Akan tetapi sayangnya, masih terdapat jurang yang lebar antara tataran idealitas dan tataran realitas. Dalam buku Fikih Kebinekaan: Pandangan Islam Indonesia tentang Umat, Kewargaan, dan Kepemimpinan Non-Muslim (2015), di mana Buya Syafii menulis prolog untuk buku tersebut, ia menulis “dalam bacaan saya, kita adalah sebuah bangsa yang piawai dalam membuat perumusan canggih yang enak dibaca, tetapi hampir selalu gagal dalam menerjemahkannya ke dalam format yang kongkret”.
Tentu kita bisa membaca ada kegetiran dan kekecewaan di dalam pikiran dan lubuk hati seorang Buya Syafii, karena dalam pembacaannya atas realitas dan berjalannya kehidupan berbangsa hari ini, masih jauh dari kata ideal.
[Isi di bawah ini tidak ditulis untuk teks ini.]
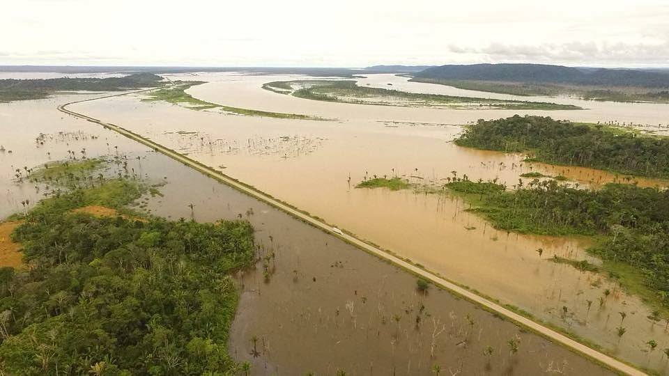 Elevação do nível do Madeira volta a preocupar. Essas imagens foram registradas, hoje, na região da antiga Vila Mutum Paraná. Este foi o primeiro trecho da BR 364 que ficou inundado em 2014 e deixou o Acre isolado via terrestre

Singkat kata, apa yang disebut sebagai “Keindonesiaan” masih mengalami apa yang disebut sebagai “minus keadilan”.
Apa yang menjadi kegetiran atau keresahan Buya Syafii tersebut, tentu patut menjadi kegetiran dan keresahan kita bersama sebagai anak bangsa. Karena bagaimanapun juga, keadilan merupakan salah satu modal utama bagi kekokohan sebuah republik. Oleh sebab itu, yang perlu kita teladani bersama dari semangat Buya Syafii, yakni meski di tengah kondisi kehidupan berbangsa yang jauh dari kata ideal, tapi menyerah pada keadaan bukanlah hal yang bijak.
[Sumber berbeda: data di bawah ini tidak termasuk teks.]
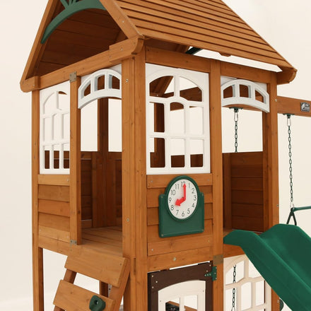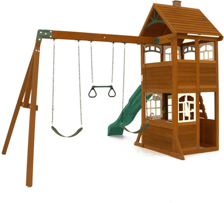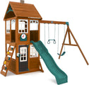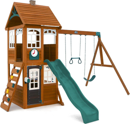 Even a smaller backyard can be big fun with the Kennedy Springs Swing Set by KidKraft. Accommodating up to nine energetic kids, this wooden playset packs maximum wow-power into minimum space. The deep high-rail wave slide proves bumpy rides are the best. And the innovative rock wall ladder goads young mountaineers to new heights (aka the upper clubhouse), while two sturdy belt swings and a gymnastic acrobar prompt young high-fliers to reach for the sky. Meanwhile, the detail-rich two-story clubhouse provides nonstop entertainment with its own play kitchen, including stove, sink and utensil shelf with accessories. There’s also a play phone, clock with moveable hands, a mailbox with working flag, and a functional front door. Kennedy Springs Swing Set features lots for adults to love, too, like high-quality lumber, a gabled shiplap roof with faux stone chimney and premium swing components that make safety a priority. When you’re short on acreage but long on playtime, Kennedy Springs Swing Set by KidKraft goes the extra mile.

Dalam prolog yang ditulisnya tersebut, Buya Syafii (2015) mengatakan “perjalanan kita tentu tidak boleh berhenti di sini. Mari kita tinggalkan sikap memaki-maki keadaan yang memang secara moral semakin meluncur. Sikap yang bijak adalah jika kita terus bergerak, terus berbuat, dan berpikir keras untuk mencari jalan yang terbaik agar berhasil melepaskan diri dari impitan suasana yang pengap ini. Ini bukan hanya kerja intelektual, tetapi juga kerja spiritual kolektif untuk berbuat yang terbaik bagi negeri ini. Semua suku dan semua anak bangsa harus mau memikul bersama-sama beban dan tanggung jawab untuk perbaikan bangsa ini”.
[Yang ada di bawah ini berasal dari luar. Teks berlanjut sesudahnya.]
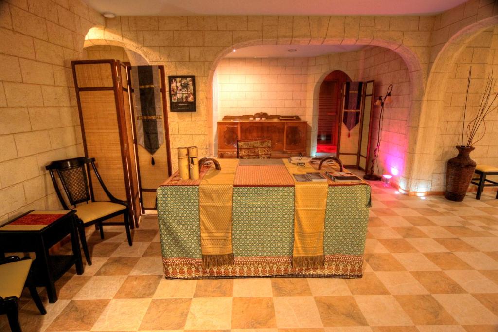 Experiență culinară: Restaurantul potrivit pentru familii servește preparate din bucătăria grecească, mediteraneană și europeană, cu brunch, pranz, cină, high tea și cocktailuri. Micul dejun include preparate calde, produse de patiserie proaspete, branză, fructe și suc.

Terlebih lagi, Bagi Buya Syafii, perjuangan untuk turut mengupayakan suatu keadilan tersebut, sama sekali tidak bertentangan dalam Islam, malahan hal tersebut merupakan pengejawantahan dari nilai-nilai Islam. Dalam buku Mencari Autentisitas dalam Dinamika Zaman (2019), Buya Syafii menulis bahwa keadilan sosial merupakan nilai sosial utama dalam Islam. Islam bukan hanya berbicara soal spiritual vertikal, yang menyangkut hubungan manusia dengan Tuhan, tetapi Islam juga berbicara soal spiritual horizontal, yang mengatur hubungan manusia dengan sesamanya, manusia dengan alam. Tujuan besarnya, yakni agar manusia dapat dengan baik dan ‘adil’ melaksanakan amanah Allah sebagai bagian dari fungsi kekhalifahannya di muka bumi.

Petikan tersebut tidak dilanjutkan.